Saved entries
^^^^^^^^

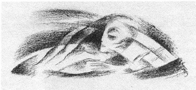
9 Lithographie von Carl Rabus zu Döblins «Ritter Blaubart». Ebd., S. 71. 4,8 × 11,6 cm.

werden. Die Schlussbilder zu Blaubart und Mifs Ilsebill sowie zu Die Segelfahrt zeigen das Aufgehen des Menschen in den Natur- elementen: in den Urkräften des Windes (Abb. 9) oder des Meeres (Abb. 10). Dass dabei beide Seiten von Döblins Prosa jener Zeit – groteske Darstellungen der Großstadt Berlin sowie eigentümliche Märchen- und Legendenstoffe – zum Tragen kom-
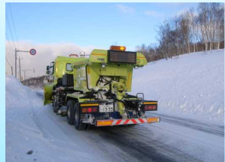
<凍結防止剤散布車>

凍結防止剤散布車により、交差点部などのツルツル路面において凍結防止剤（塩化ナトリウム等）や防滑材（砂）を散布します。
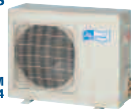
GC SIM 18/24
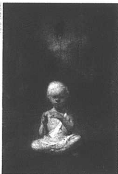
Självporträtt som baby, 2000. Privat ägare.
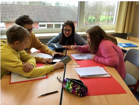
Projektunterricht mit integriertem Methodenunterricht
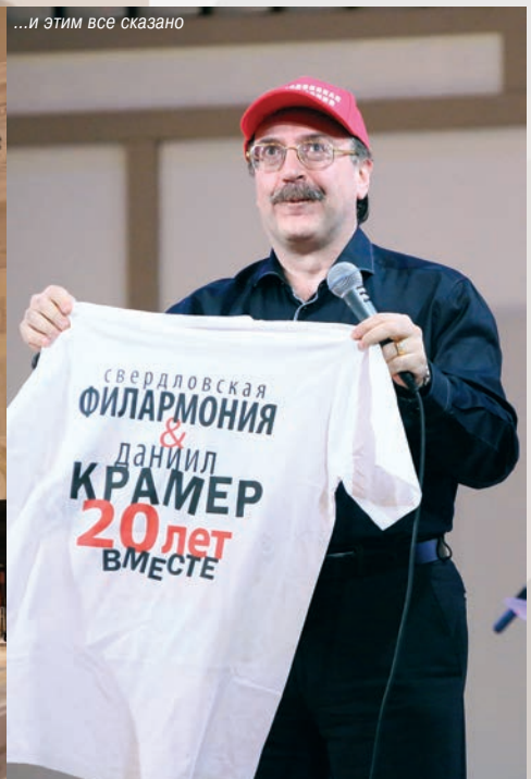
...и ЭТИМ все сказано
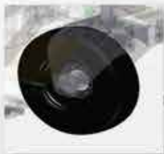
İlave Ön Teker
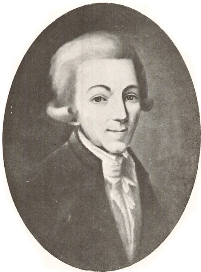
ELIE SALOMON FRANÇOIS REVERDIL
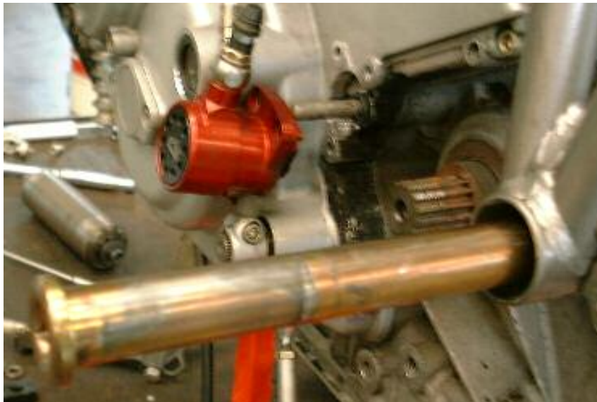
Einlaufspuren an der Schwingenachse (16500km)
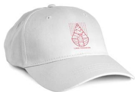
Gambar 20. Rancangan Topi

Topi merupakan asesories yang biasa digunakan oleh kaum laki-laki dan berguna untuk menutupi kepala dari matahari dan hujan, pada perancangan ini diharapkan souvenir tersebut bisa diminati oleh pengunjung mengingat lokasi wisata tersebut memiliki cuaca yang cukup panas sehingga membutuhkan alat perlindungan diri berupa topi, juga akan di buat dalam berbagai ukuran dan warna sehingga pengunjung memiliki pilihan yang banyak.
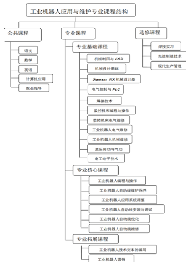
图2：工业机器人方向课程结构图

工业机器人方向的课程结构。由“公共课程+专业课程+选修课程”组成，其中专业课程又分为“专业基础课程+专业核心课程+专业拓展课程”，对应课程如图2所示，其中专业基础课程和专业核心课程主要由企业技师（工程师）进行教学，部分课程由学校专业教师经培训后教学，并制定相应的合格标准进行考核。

^^^^^^^^

- **EXERCISE DIRECTIONS**
Pull out the lines above in which the word "Döblins" appears.

- **EXPECTED ANSWER**
9 Lithographie von Carl Rabus zu Döblins «Ritter Blaubart». Ebd., S. 71. 4,8 × 11,6 cm.
werden. Die Schlussbilder zu Blaubart und Mifs Ilsebill sowie zu Die Segelfahrt zeigen das Aufgehen des Menschen in den Natur- elementen: in den Urkräften des Windes (Abb. 9) oder des Meeres (Abb. 10). Dass dabei beide Seiten von Döblins Prosa jener Zeit – groteske Darstellungen der Großstadt Berlin sowie eigentümliche Märchen- und Legendenstoffe – zum Tragen kom-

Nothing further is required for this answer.